The detector shown is an early design. The batteries can just be seen mounted on the underside of the box. The weight of the whole detector inc batteries and coil was just over 1kg, no steroid treatment required to allow a user to swing it all day.

regards
bugwhiskers

coil preamp

Hi BW
Looking at your coil preamp schematic I noticed 2 op amps .. seem to be running in parallel the AD8055 and NE5534. Is this so , is some sought of dual sampling going on here and then maybe averaging it out at a later stage. ??
Just curious. The finish product is looking ok.
gef

Hi gef12,

Thanks for your interest in the project.

The first preamp, the NE5534 has a gain of 1000 and provides most of the amplification. The AD8055's claim to fame is it is very fast and can drive low impedance devices like a cap that needs fast charging/discharging. The combined capacitance of the 64 caps is 64 * 0.1 uF or 6.4uF worst case which is quite large and must be done in 6.4uS at the fastest sample rate. Essentially the 2nd preamp is just a buffer so as to not load the first stage. Now that the offset adjustment is going to the 2nd preamp I will be able to have some gain on it also.
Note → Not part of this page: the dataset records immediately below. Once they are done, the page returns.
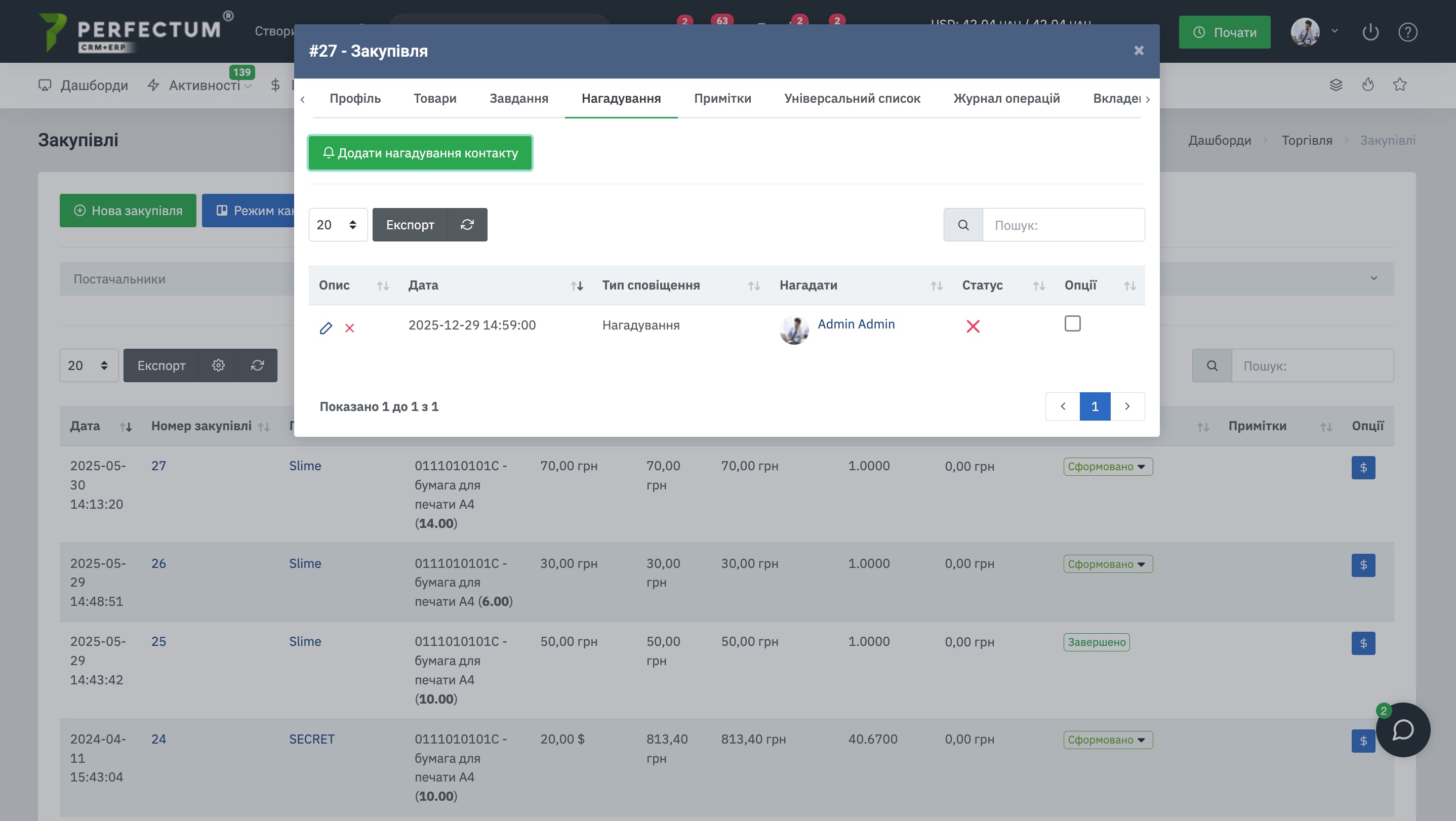 Додано нову можливість створювати нагадування, пов'язані із закупівлею.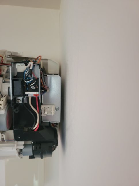 隅々まで洗浄するために、右壁とのスキマがない場合は右側の配線が繋がったままお掃除ユニットを持ち上げて洗浄します。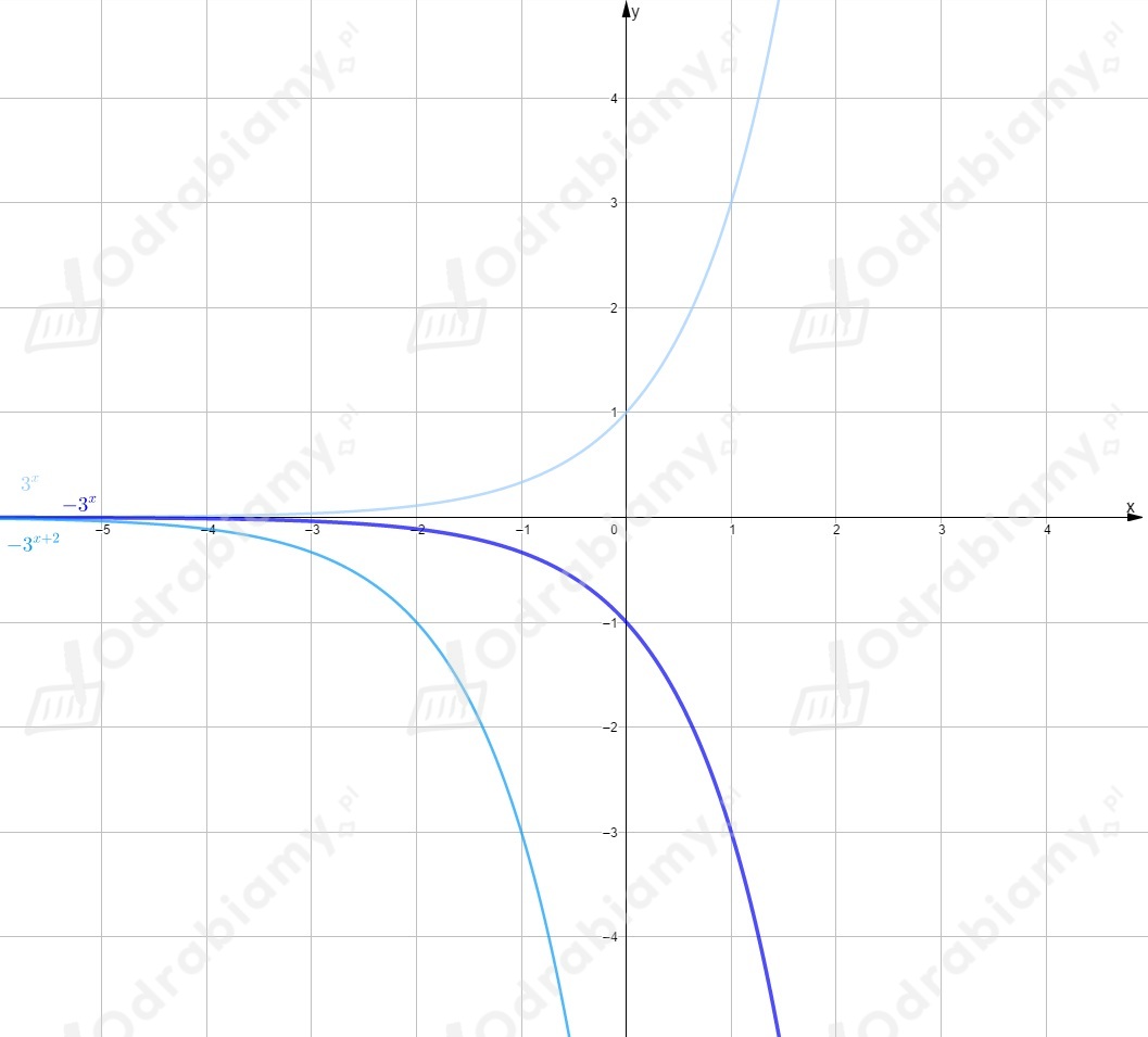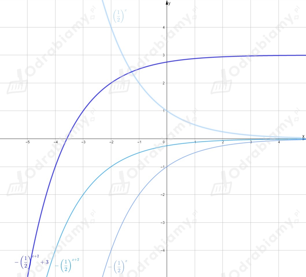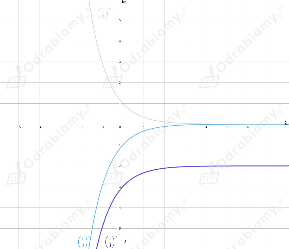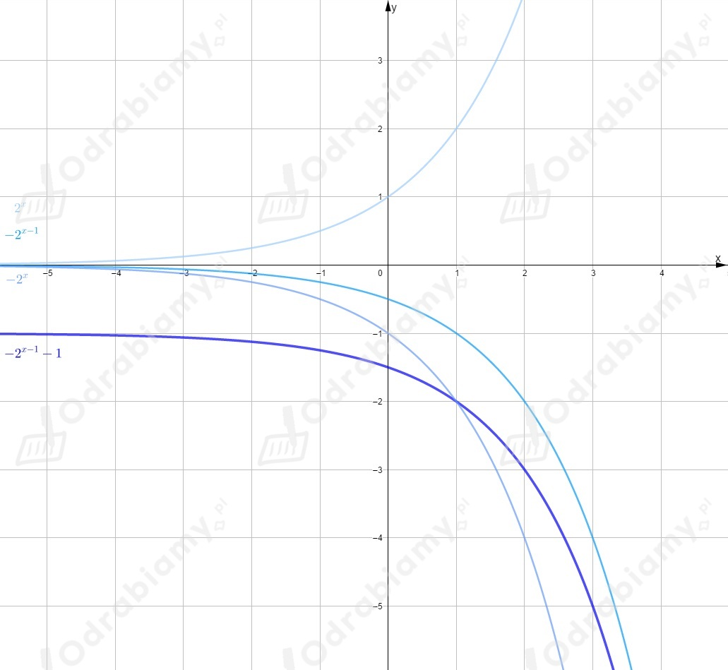 Następnie wykres ten przesuwamy o jednostki w dół wzdłuż osi .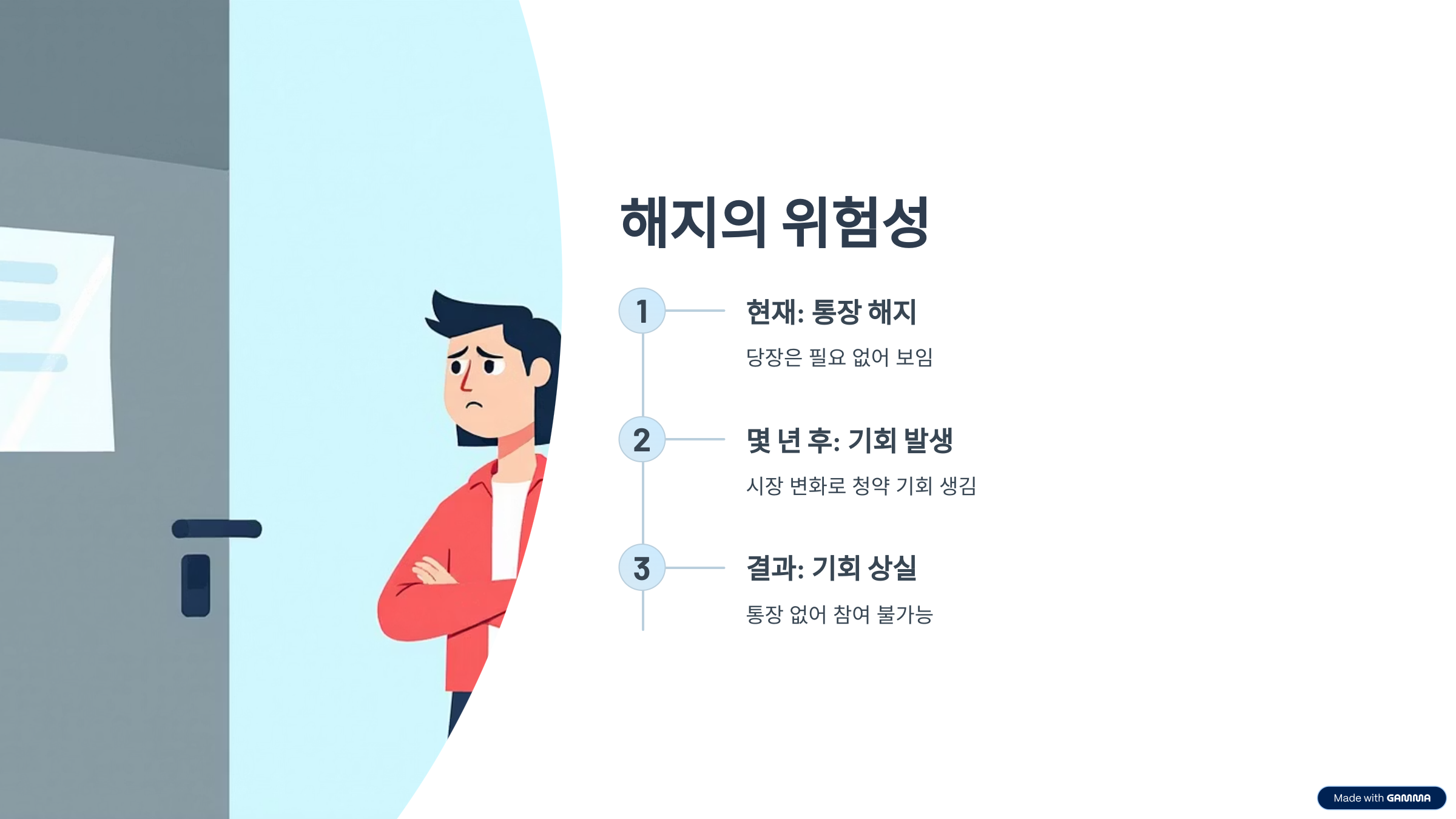 이런 변화에 민첩하게 대응하기 위해선 통장 유지가 필수입니다.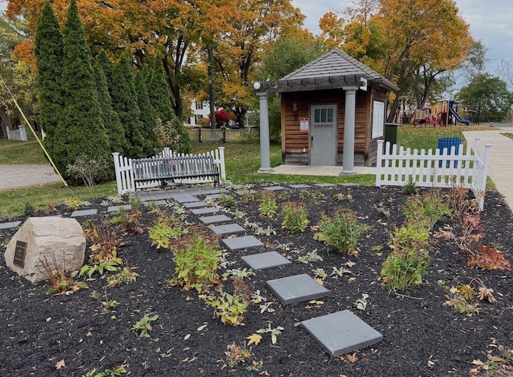 •Adjacent to the International Peace Garden, Beautification installed a new garden in honor of Dick and Fern Moses. Volunteers also redid the Marilyn Toohey garden at the Red Brick. The site includes a new metal bench donated by the Toohey family, as well as a new white fence and walkway stones, mulch, various plants and a tree courtesy of the Lewiston Garden Club.

Because the AtoD converter must be fed a signal that ranges between GND and +5 volts the offset circuitry must ensure the signal doesn't go too far below GND.

Because this is a project that is still on the fly there will no doubt be some changes along the way.

Hoping this explains your question.

regards
bugwhiskers

hello how soon is this to be in kit form?
any idea of cost yet?